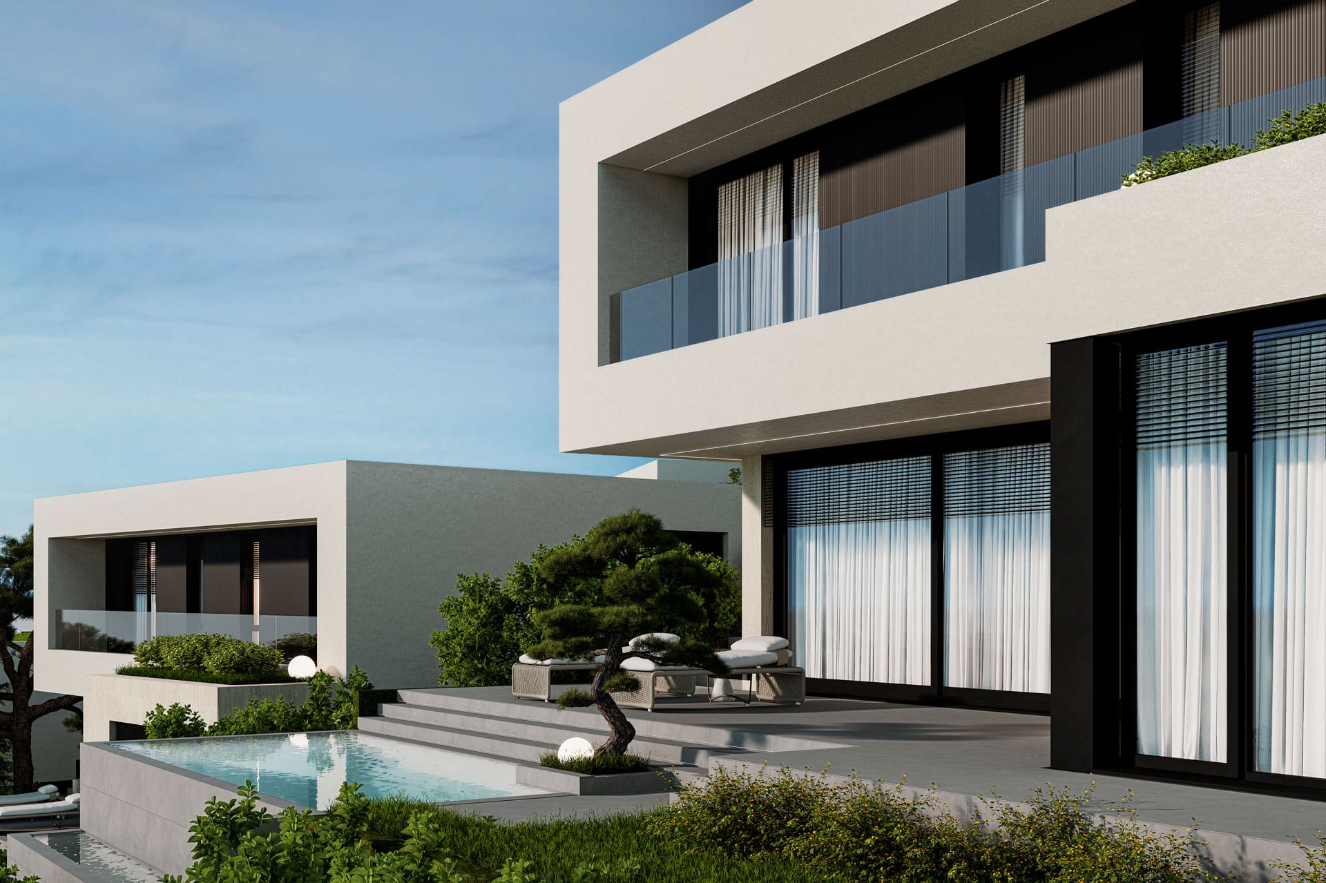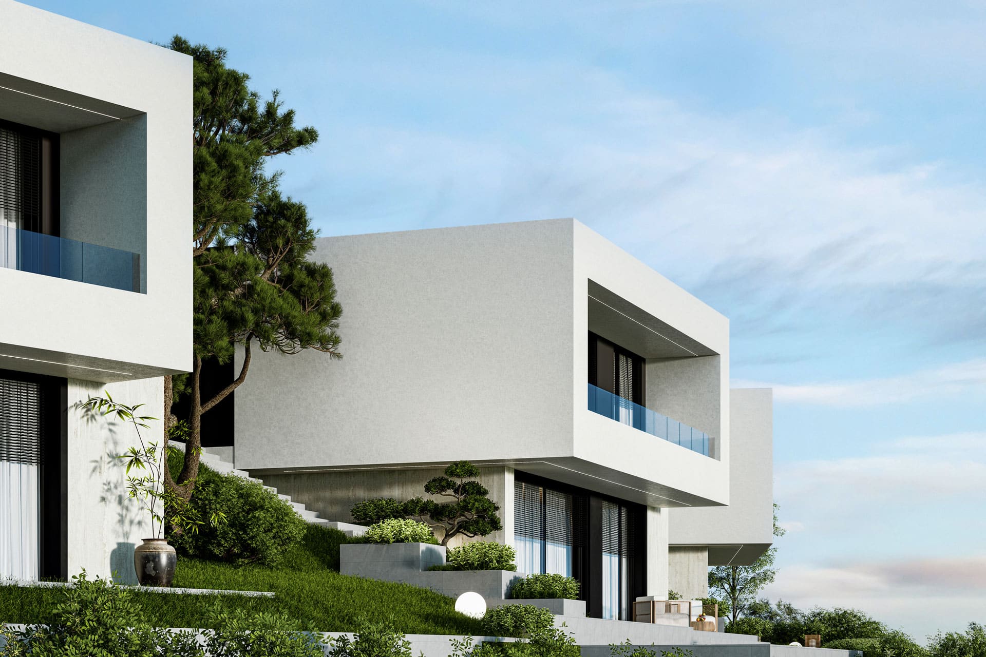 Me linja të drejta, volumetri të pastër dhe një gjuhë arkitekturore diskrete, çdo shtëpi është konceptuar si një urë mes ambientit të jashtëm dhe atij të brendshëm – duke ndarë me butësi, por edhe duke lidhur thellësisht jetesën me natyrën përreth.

...

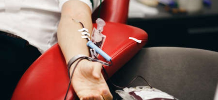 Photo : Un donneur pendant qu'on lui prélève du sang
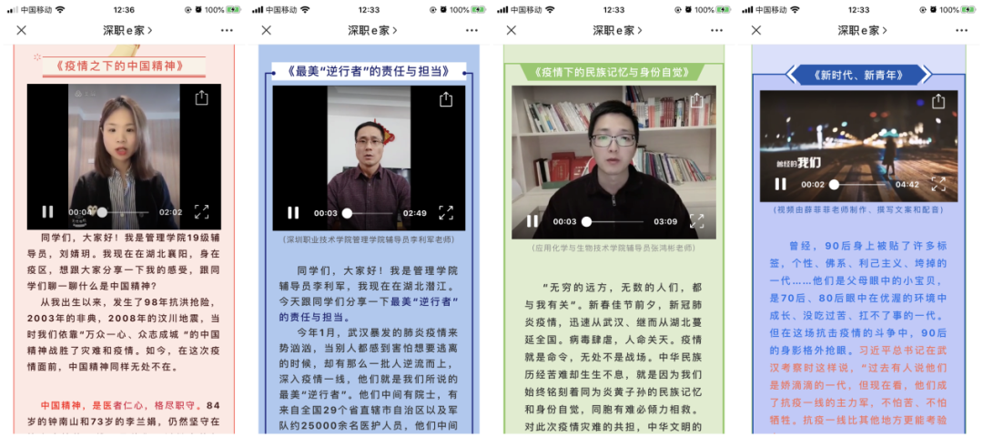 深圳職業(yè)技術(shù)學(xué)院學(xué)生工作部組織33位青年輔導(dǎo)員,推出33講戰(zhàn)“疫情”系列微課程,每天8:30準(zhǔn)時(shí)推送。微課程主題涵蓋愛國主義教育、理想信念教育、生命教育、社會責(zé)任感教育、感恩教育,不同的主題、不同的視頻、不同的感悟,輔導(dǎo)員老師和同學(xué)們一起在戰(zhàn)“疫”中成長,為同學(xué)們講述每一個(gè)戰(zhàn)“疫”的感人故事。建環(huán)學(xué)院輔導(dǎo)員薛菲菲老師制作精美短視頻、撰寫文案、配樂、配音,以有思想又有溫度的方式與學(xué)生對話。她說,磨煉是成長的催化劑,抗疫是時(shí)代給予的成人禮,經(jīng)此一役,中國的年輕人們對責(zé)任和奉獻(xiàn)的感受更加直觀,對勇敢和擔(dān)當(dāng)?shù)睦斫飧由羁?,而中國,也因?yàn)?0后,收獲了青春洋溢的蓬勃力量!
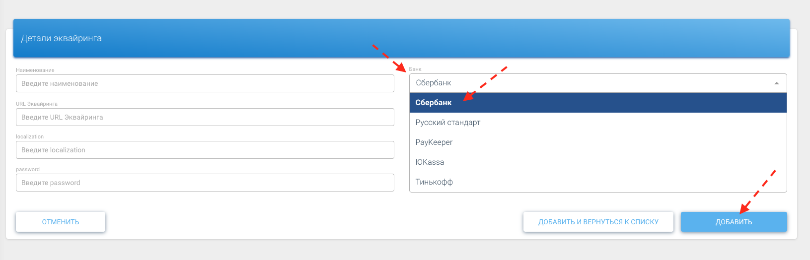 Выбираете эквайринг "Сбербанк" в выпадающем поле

--

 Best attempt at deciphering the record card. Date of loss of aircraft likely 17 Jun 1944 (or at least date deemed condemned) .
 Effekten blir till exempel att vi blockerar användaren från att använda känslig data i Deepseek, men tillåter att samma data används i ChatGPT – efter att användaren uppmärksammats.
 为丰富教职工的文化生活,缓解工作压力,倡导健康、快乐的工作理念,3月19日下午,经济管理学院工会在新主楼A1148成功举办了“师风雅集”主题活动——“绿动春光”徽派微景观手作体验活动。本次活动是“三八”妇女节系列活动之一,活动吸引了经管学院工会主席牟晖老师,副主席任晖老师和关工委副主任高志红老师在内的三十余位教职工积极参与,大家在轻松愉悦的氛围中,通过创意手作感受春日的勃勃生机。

#### What to work on
Would you retype exactly the lines above, from the line with "Best attempt at" to the line with "为丰富教职工的文化生活,缓解", with both end lines kept and nothing more?

#### Exercise output
 Best attempt at deciphering the record card. Date of loss of aircraft likely 17 Jun 1944 (or at least date deemed condemned) .
 Effekten blir till exempel att vi blockerar användaren från att använda känslig data i Deepseek, men tillåter att samma data används i ChatGPT – efter att användaren uppmärksammats.
 为丰富教职工的文化生活,缓解工作压力,倡导健康、快乐的工作理念,3月19日下午,经济管理学院工会在新主楼A1148成功举办了“师风雅集”主题活动——“绿动春光”徽派微景观手作体验活动。本次活动是“三八”妇女节系列活动之一,活动吸引了经管学院工会主席牟晖老师,副主席任晖老师和关工委副主任高志红老师在内的三十余位教职工积极参与,大家在轻松愉悦的氛围中,通过创意手作感受春日的勃勃生机。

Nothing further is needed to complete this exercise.